DIRECTIONS: Some of the lines below need repeating. Reproduce exactly those between the lines holding "이 구간을 통행하려는" and "紧接着,升旗仪式开始,在雄壮嘹亮的国歌声中,全体师生庄严肃立,向国旗行礼。", inclusive.

MATERIAL FOR THIS TASK:
========
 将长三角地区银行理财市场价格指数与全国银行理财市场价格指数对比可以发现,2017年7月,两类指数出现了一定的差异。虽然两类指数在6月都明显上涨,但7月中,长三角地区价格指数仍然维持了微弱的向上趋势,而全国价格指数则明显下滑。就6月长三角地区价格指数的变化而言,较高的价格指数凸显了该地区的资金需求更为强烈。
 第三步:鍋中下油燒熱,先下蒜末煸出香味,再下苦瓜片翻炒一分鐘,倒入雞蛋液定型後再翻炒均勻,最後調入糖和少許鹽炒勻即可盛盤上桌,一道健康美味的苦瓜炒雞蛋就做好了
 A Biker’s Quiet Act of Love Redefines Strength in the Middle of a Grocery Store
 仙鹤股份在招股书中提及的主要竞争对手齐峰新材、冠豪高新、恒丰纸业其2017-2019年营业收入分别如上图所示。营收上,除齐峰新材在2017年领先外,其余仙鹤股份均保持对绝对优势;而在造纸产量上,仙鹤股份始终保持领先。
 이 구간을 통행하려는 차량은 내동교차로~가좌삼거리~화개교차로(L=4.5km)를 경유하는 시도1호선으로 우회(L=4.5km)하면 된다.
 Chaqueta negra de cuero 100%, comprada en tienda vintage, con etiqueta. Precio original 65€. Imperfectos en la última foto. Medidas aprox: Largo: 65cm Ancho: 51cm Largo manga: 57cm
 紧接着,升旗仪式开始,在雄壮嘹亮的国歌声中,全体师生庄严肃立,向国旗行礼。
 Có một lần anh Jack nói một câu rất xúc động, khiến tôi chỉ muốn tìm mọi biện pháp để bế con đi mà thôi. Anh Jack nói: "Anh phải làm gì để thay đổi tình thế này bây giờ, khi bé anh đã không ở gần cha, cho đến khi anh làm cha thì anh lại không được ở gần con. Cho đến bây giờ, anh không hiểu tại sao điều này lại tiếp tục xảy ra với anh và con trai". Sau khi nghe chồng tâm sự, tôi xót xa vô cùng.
========
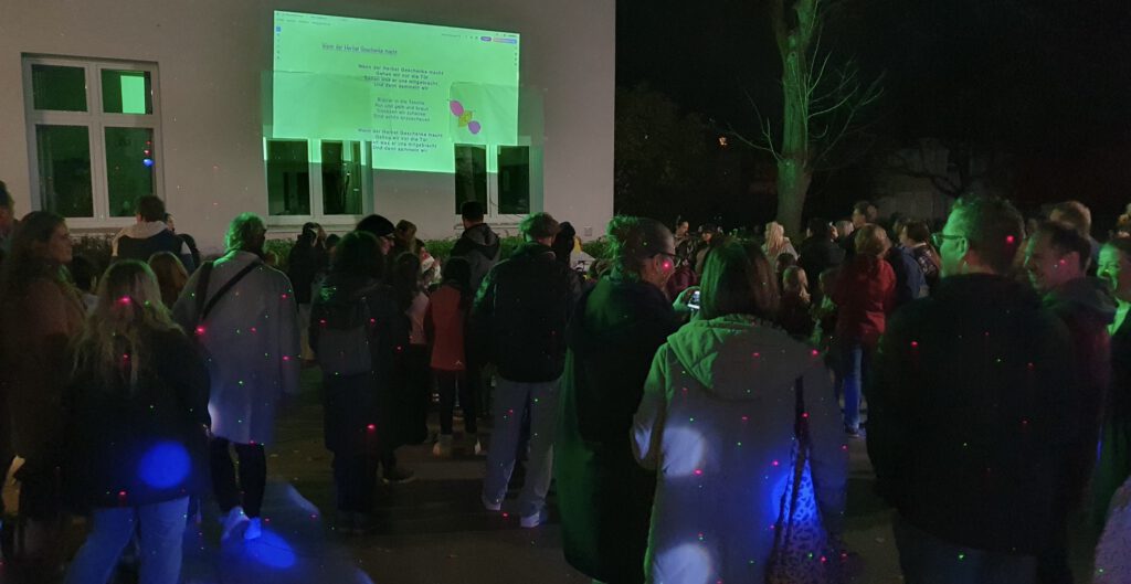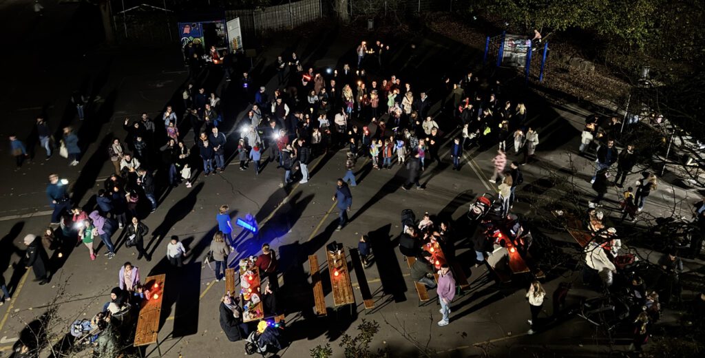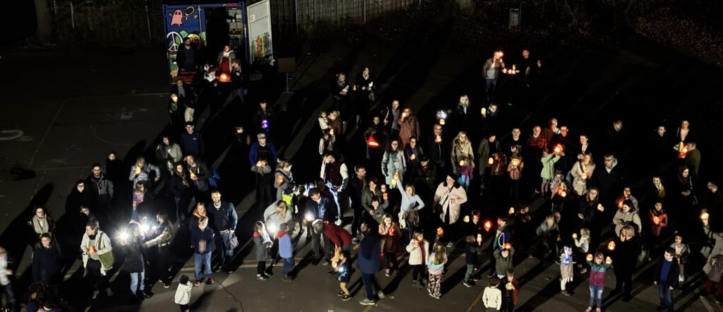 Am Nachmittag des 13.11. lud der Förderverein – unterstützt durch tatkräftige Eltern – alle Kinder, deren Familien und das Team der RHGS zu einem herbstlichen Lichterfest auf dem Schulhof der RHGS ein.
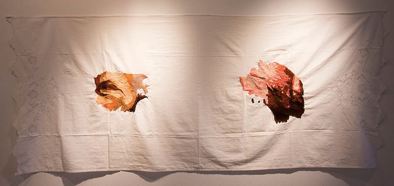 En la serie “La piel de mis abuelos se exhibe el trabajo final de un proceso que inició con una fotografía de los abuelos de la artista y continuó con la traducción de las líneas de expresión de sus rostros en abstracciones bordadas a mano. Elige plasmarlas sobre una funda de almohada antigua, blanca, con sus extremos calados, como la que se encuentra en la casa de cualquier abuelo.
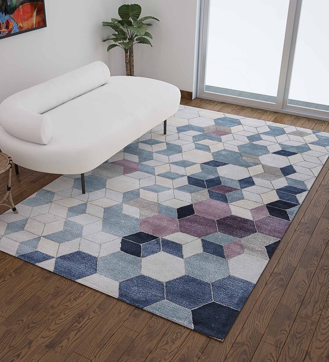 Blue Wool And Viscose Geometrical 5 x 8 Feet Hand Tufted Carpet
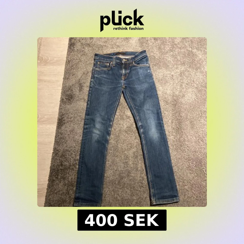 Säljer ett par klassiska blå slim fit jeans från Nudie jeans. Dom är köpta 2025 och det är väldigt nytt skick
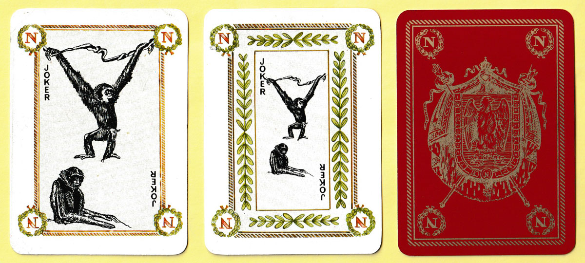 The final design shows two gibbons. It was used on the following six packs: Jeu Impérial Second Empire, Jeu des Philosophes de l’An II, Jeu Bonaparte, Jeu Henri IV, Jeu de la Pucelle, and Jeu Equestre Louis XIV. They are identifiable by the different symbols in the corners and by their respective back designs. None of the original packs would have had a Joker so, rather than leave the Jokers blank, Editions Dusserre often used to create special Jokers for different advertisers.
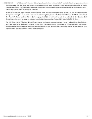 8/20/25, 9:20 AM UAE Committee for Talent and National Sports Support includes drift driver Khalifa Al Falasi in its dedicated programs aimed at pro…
========
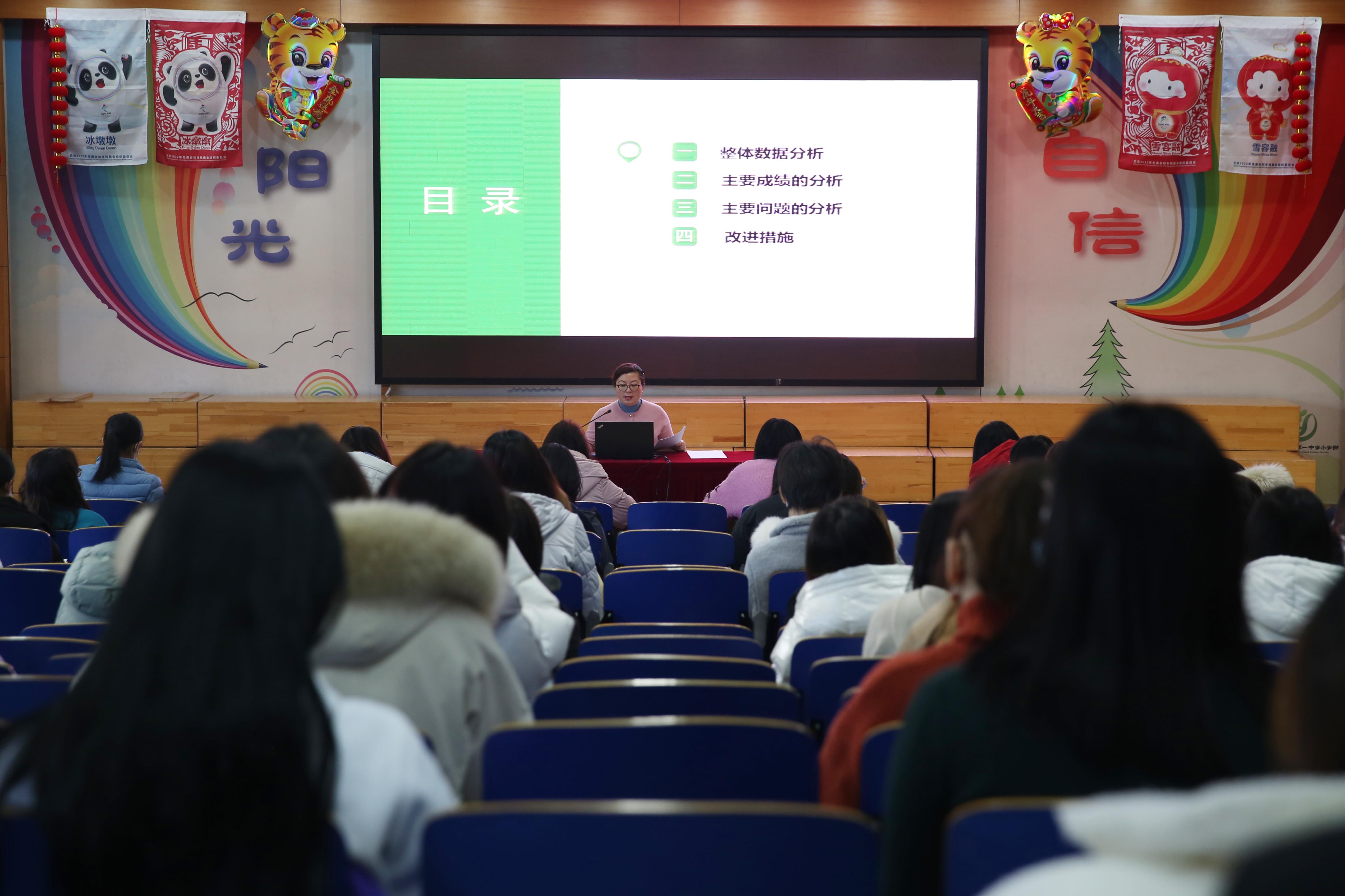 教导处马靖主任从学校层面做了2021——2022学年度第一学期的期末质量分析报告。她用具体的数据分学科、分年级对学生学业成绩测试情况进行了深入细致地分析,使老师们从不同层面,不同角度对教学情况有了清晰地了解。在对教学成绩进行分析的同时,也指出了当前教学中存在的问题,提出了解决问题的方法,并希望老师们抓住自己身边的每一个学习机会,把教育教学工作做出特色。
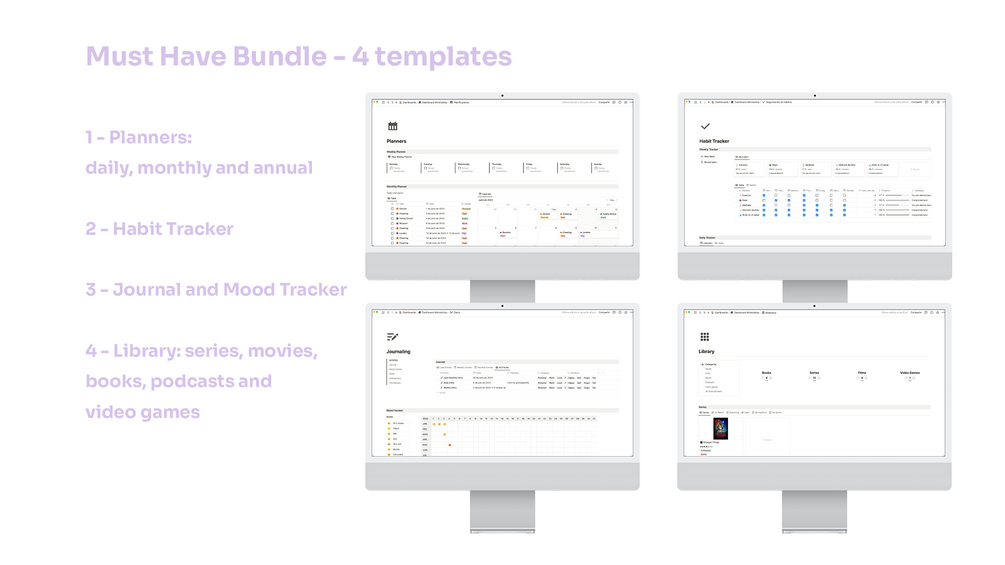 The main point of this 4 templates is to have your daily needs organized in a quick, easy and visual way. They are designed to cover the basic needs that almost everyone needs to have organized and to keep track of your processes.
========
EXERCISE RESPONSE:
 이 구간을 통행하려는 차량은 내동교차로~가좌삼거리~화개교차로(L=4.5km)를 경유하는 시도1호선으로 우회(L=4.5km)하면 된다.
 Chaqueta negra de cuero 100%, comprada en tienda vintage, con etiqueta. Precio original 65€. Imperfectos en la última foto. Medidas aprox: Largo: 65cm Ancho: 51cm Largo manga: 57cm
 紧接着,升旗仪式开始,在雄壮嘹亮的国歌声中,全体师生庄严肃立,向国旗行礼。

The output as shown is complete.